Ночью – ещё один признак подступившей к горлу весны. Цветные обрывки тряпочных снов разлетаются по дому, тёмная тяжесть наваливается на грудь зверюгой и сидит там до утра, закатываясь на день под кровать.
Что записать, а что оставить при себе, не доверив и бумаге. Что перечитать в энный раз, утешаясь разглядыванием знакомых складок и шовчиков строк. Что послушать проверенного, чему довериться новому. Какой непорядок в мыслях, как после кораблекрушения.
Скоро всё растечётся, испачкается, вываляется в меду да перьях – но не по-милому-осеннему, а лихорадочно, балаганно, с оскалом на ввалившемся после студёных болезней лице.
Где там мои резиновые сапоги.
these are my snow covered dreams (c)30-12-2012 20:18
по зимней дороге едет старый "лиаз"
стоять около выхода, рассматривать на каждой остановке занесённые снегами просторы и тесноты; во время движения процарапывать в морозной "шубе" на окне маленький просвет и выпивать через него частицу внешнего мира, или вглядываться внутрь себя
"осторожно, двери закрываются, следующая остановка – 2013 год"
может, пора выйти – укачало уже основательно?..
что-то останавливает – сложносочинённая собою смесь страха-надежды-прочего
чем дальше путь, тем быстрее (или это только кажется) едет автобус
а вдруг у него откажут тормоза и придётся спрыгивать на ходу?
а вдруг выйти, где и когда хочется, не получится вовсе?

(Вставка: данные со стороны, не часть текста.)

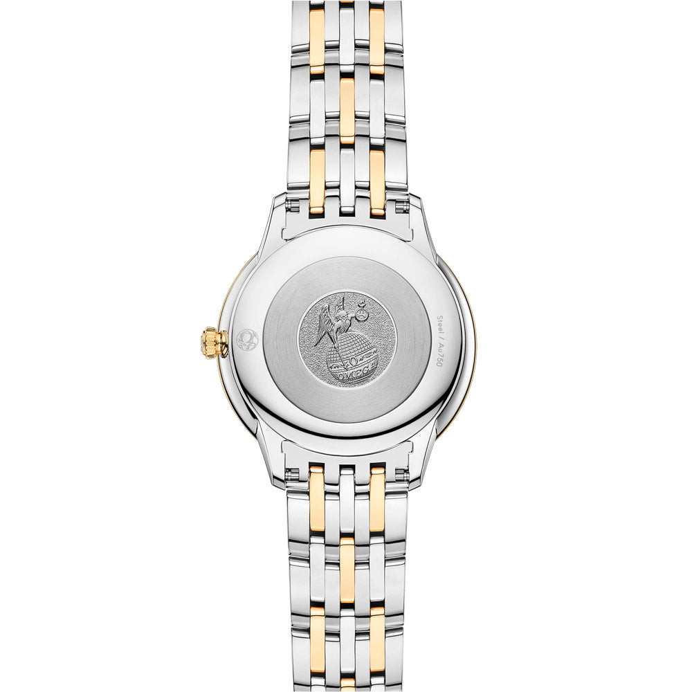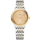 This 30mm stainless steel-18ct yellow gold OMEGA De Ville Prestige model has been a classic collection since 1994 & is now in its 3rd generation. Perfect for any lifestyle, it offers a range of patterns, finishes & colours. The Moonshine™ Gold dial is PVD coated & sun-brushed, with unique yellow gold-plated hands & Roman numerals/cabochon indexes. The minute track & embossed God Chronos medallion on the inner zone & caseback add a striking touch. This watch is powered by the OMEGA Quartz Calibre 4061 with a battery life of at least 48 months & comes on a stainless steel-yellow gold bracelet.
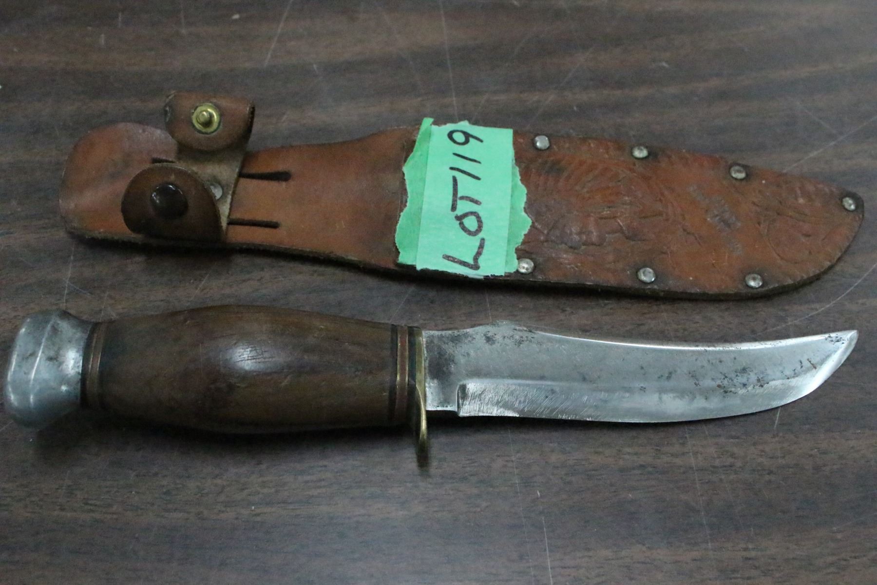 Lot 119 Hunting Knife w/5" Blade, Wood Handle & Sheath - Stamped 'Kirkland Lake Ontario'
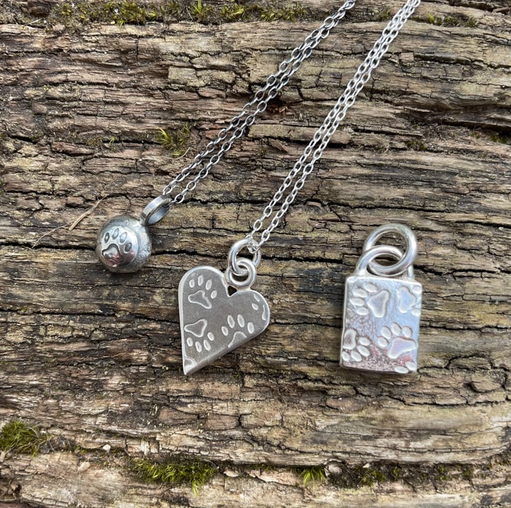 I have embossed paw prints onto a rectangle of thick silver, and added a soldered jump ring and double ring bail.
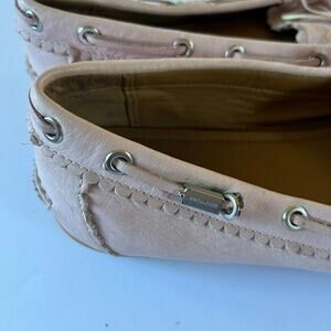 Coach Womens Size 10 B Baby Pink Olympia Tassel Leather Loafer Shoes Preppy. Slight darker in person than in picture. They have some discoloration on the toes, as well as on the soles. They is also some creasing and slight scuffing.
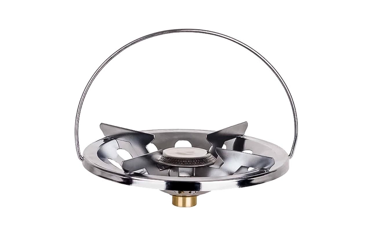 Кастрюли и котелки не наклоняются и надежно размещаются на крепкой металлической подставке. Расход газа: 145 г/час; Совместимость: резьбовой стандарт W21,8 - 14LH; Диаметр тарелки: 220 мм

развлекать себя информацией до боли в глазах, звона в ушах, сверления в черепной коробке
песни, фильмы, книги, сайты – так наедаться этого, что засыпать лицом в страницах, под музыку, с заставкой "сквозь вселенную" на компе
упахиваться на работе и брать её охапками на выходные
пить, пока не отрубит
делая что-то руками, собирая паззлы да куколкины одёжки, мозгами перебирать последовательность серий и сезонов мультсериалов; названия и даты выхода альбомов музыкальных групп; работы писателей
если остановиться на минуту телом и мыслями, если сесть в ночной комнате без света, сложив руки на коленях – само, без посторонней помощи, придёт нечто такое, что искривит рот, увлажнит глаза
наедине с этим страхом невозможно пробыть дольше нескольких минут (чувство тонущего - неумеющего плавать)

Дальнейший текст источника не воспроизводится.